In other words, the storage servers 115 do not necessarily need to
be located in the same physical location. Storage servers may be
located in different rooms, different buildings, different cities,
etc.
[0052] In other embodiments, the centralized portal server 110 can
direct data to be sent to storage servers 115 based on any number
of criteria including those mentioned above of packet type,
priority, storage server resources and the like. The centralized
portal server 110 maintains an index of the information stored in
the storage servers 115 for quick and efficient retrieval of the
data for later viewing or analysis. Notably, in one embodiment,
captured data and metrics do not themselves necessarily pass
through the centralized portal server 110, but rather are directed
to a particular storage server 115. For example, the probe 112 may
contact the centralized portal server 110 by using the portal
server's network address. The probe 112 requests an address from
the centralized portal server 110 for a storage server address. The
request may include information about the probe 112, such as
location, network connection type, etc, and/or information about
the data to be stored, such as protocol, priority and the like. The
centralized portal server 110 provides a storage server address to
the probe 112 in response to the request. The address provided to
the probe may be chosen by the centralized portal server 110 based
on the information in the request from the probe 112. The probe 112
then sends captured data or metrics to the storage server for
storage.
[0053] Additionally, a number of portal servers may be used in
place of the single centralized portal server 110 illustrated
above. Specifically, the centralized portal server 110 may include
an index that indexes the location of captured data on the various
storage servers 115. Such an index may be distributed across a
number of portal servers such that one or more portal servers may
be used to direct data generated at data capture points by data
capture devices. In one embodiment, the portal servers may be
included on one or more of the storage servers 115. Alternatively,
the portal servers may be implemented on one or more of the data
capture devices if a data capture device includes appropriate
hardware, such as an integrated hard drive, to support server
software on the data capture device. Thus, when a centralized
portal server is recited herein, that server may be logically
centralized and is not required to be physically centralized in a
given location.
[0054] The centralized portal server 110 can direct metrics and
captured network traffic based on various criteria. For example,
the centralized portal server 110 can direct data based on a round
robin scheme, a packet type scheme, a priority scheme, or any other
appropriate scheme.
[0055] In a round robin scheme, capturing and storage operations
can be shared equally, or substantially equally, or according to a
storage servers capabilities among the various storage servers
115.
[0056] In an alternative embodiment, the centralized portal server
110 may direct captured data or metrics to storage servers 115
based on packet type. This allows each storage server 115 to be
optimized for a particular type of data. This type of storage
scheme may sort packets for example, by protocol type.

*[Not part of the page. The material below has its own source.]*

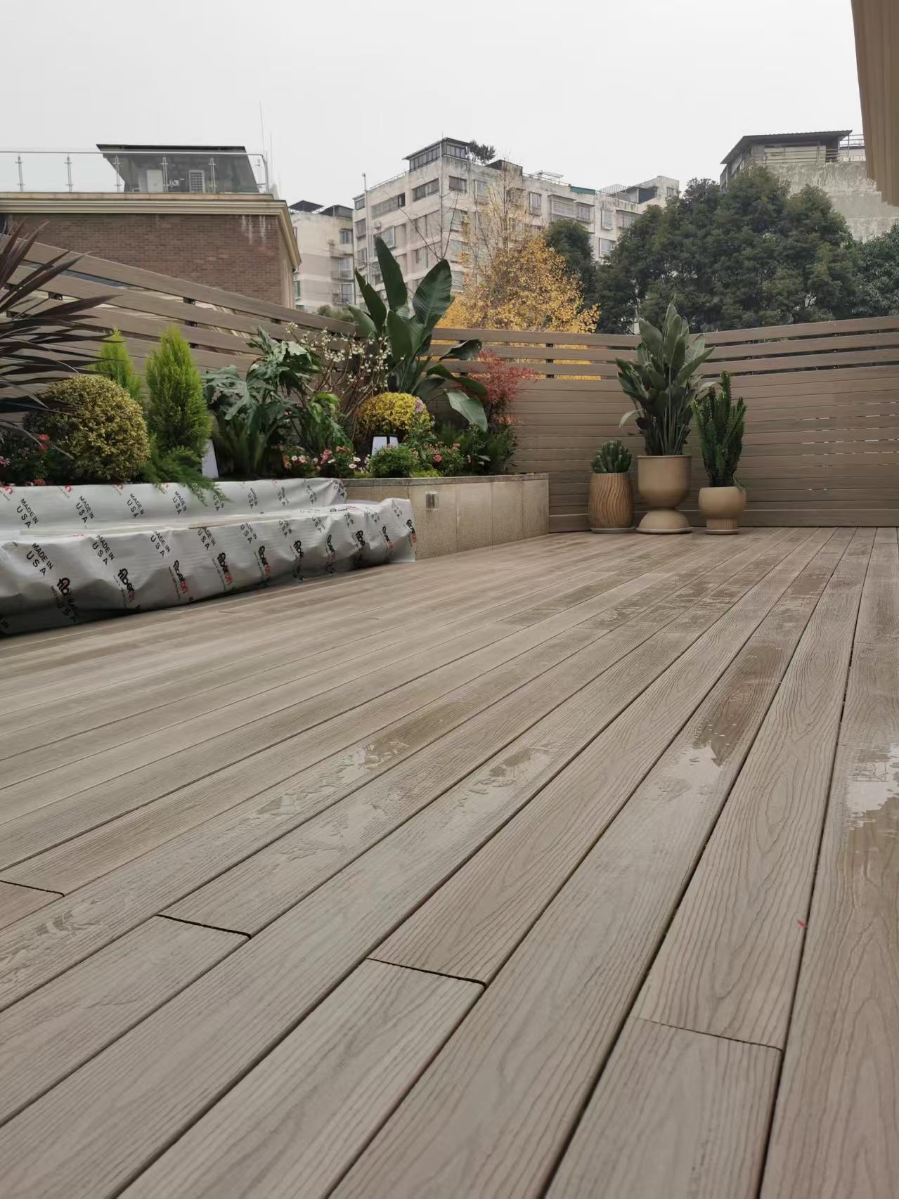 塑木地板(又称木塑地板)的核心优势在于融合木材质感与塑料耐候性,无需频繁维护即可适应户外复杂环境,这也是其在东莞户外场景中广泛应用的关键。其中,WPC 塑木地板以木质纤维与塑料为主要原料,通过特殊工艺制成,兼具良好的韧性与承重能力,即便长期暴露在雨水、阳光下,也不易变形、开裂,适配花园步道、露台等高频使用区域;共挤塑木地板则在表层增加共挤耐磨层,进一步强化抗刮擦、抗老化性能,适合人流密集的园林步道或商业户外空间,能长期保持表面美观。

[0057] In yet another embodiment, the centralized portal server 110
may direct captured data or metrics to storage servers based on
priority. Network packets are typically labeled with a priority so
as to allow higher rated priority packets to be routed more quickly
on a network. The centralized portal server 110 may direct data
packets to a storage server depending on the priority level
specified in the data packet.
[0058] In still another embodiment, the centralized portal server
110 may direct data packets to a storage server based on location.
In particular, the centralized portal server 110 may direct data
packets to a storage server that is in relatively close proximity
to the probe 112 where the data is generated. This allows for
higher bandwidth channels to be used to transfer data for
storage.
[0059] The portal tier 35 appears to the client tier 50 to be a
single consolidated database. However, the client tier 35 may be a
distributed database with data stored on a number of storage
servers 115. The centralized portal server 110 maintains an index
of what is stored on the storage servers 115 so as to be able to
quickly access any data requested by the client tier 50. The
centralized portal server 110 may store and retrieve data, in one
embodiment, by employing database structures and commands such as
those used in MySQL available from MySQL AB in Uppsala Sweden.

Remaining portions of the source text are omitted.